The difference between automatic and the original manual bone age rating as a function of bone age advancement (Fig. 3) shows a slope of 0.1 years/year (x-intercept = +0.7 years). This means that BoneXpert tends to produce slightly lower ratings than the manual rating with increasing bone age advancement.

Fig. 3
figure 3

Difference between automatic (BXBA) and the original manual (ManBA) bone age rating in boys (circles) and girls (dots) is shown as a function of bone age advancement in CAH

Discussion

Rejected images – BoneXpert’s behaviour in the low bone age range

BoneXpert’s inability to rate images below bone age 2 in girls and 2.5 in boys was a greater limitation in this study than it had been in other clinical studies on BoneXpert [17, 18]. In contrast to those studies, the majority of children in the present study were regularly monitored for bone age from birth, which is when CAH is usually diagnosed. Thus, in 111 of the 116 images rejected this was due to low bone age, and the overall rejection rate was greater than 10 %. In a study on short stature and in another on central precocious puberty, the rejection rate was less than 1.5 % (14/1,097 and 9/732, respectively) [17, 18]. Extending BoneXpert’s application range further towards birth may be a worthwhile project in view of the present findings.

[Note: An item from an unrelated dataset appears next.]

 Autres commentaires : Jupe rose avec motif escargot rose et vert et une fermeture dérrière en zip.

Interobserver error between automated and manual ratings

At 0.72 years, the standard deviation of the signed differences between the ratings of BoneXpert and ManBA was in the same range as in analogous studies on other pathologies [17, 18] where standard deviations ranged from 0.71 to 0.8 years. The mean of the absolute differences (0.54 years) compares favourably with the levels of interobserver error between human raters reported in the literature. Berst et al. [20] give 0.69 ± 0.48 years for the mean of the absolute differences between two trained observers performing bone age ratings on 107 radiographs in awareness of CA. Expressed in terms of the SD of the signed differences and assuming a normal distribution, this equates to 0.69/0.8 = 0.86 years. King et al. [21] reported bone age readings of 50 radiographs performed by each of three raters where the SD of the signed differences was 0.80 years [20].

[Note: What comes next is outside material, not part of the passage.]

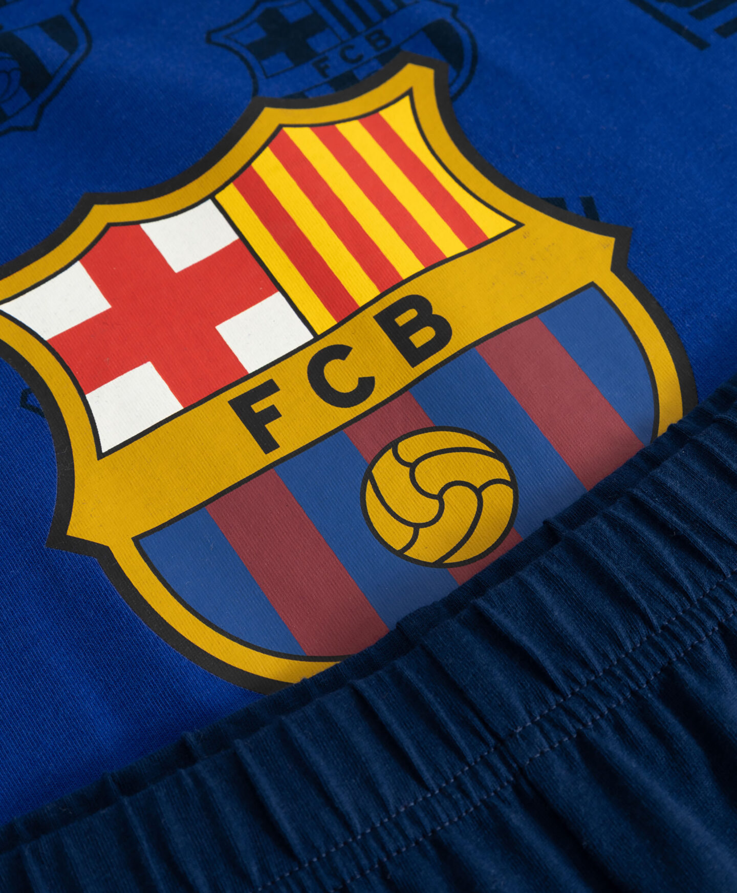 Pidžama za dečake FC Barcelona 100% pamuk, oduševiće svakog pravog navijača ovog fudbalskog kluba. Set se sastoji od majice kratkih rukava i šortsa u bojama čuvenog kluba. Napravljena od mekanog i prozračnog materijala, ova pidžama je savršen izbor za sve koji uživaju u slatkom odmoru.

Rerating results: implications for automated and manual rating

In 20 images, the discrepancy between manual and automatic rating was greater than 1.5 years. These were each blindly rerated by four independent raters. The mean of these four ratings (ReferenceBA) deviated by less than 1.5 years from BXBA for all images.

We can conclude from our results that the original discrepancies in the 20 rerated images were due more to manual errors than to errors in automatic rating. This is indicated by 18 reratings being closest to the automatic rating and 2 closest to the original manual rating, as well as by the smaller mean absolute difference between BXBA and ReferenceBA as compared to that between ManBA and ReferenceBA. If ReferenceBA is assumed to represent the “true bone age,” then BXBA was significantly more accurate than ManBA (P=0.02) in rating these 20 images. This is supplemented by the outcome of our comparison of the smoothness of longitudinal curves, which clearly showed the automatic rating method to be more precise, despite the fact that the automated method rated the images independently whereas the original manual raters usually had the previous rating and the age of the child available. This tends to enhance smoothness and improve the precision result derived for manual rating.

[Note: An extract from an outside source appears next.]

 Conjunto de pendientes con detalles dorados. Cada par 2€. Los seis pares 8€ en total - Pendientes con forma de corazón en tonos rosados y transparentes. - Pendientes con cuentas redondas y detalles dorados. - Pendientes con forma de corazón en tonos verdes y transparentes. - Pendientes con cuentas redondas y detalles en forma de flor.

Performance of BoneXpert in children with extremely advanced bone age

Our comparison of ratings performed on children with far advanced bone age suggests that this is not a specific source of discrepancy between manual and automatic rating in CAH, since the SD of the signed differences between ManBA and BXBA for this subgroup was even smaller – albeit nonsignificantly – than they were for all children taken together.

Conclusion

BoneXpert supplies satisfactory bone age ratings in children with CAH within its designated bone age application range (bone age: 2–15 years for girls, 2.5–17 years for boys). The high rate of image rejection found in younger children underscores the need to extend the programme to infants.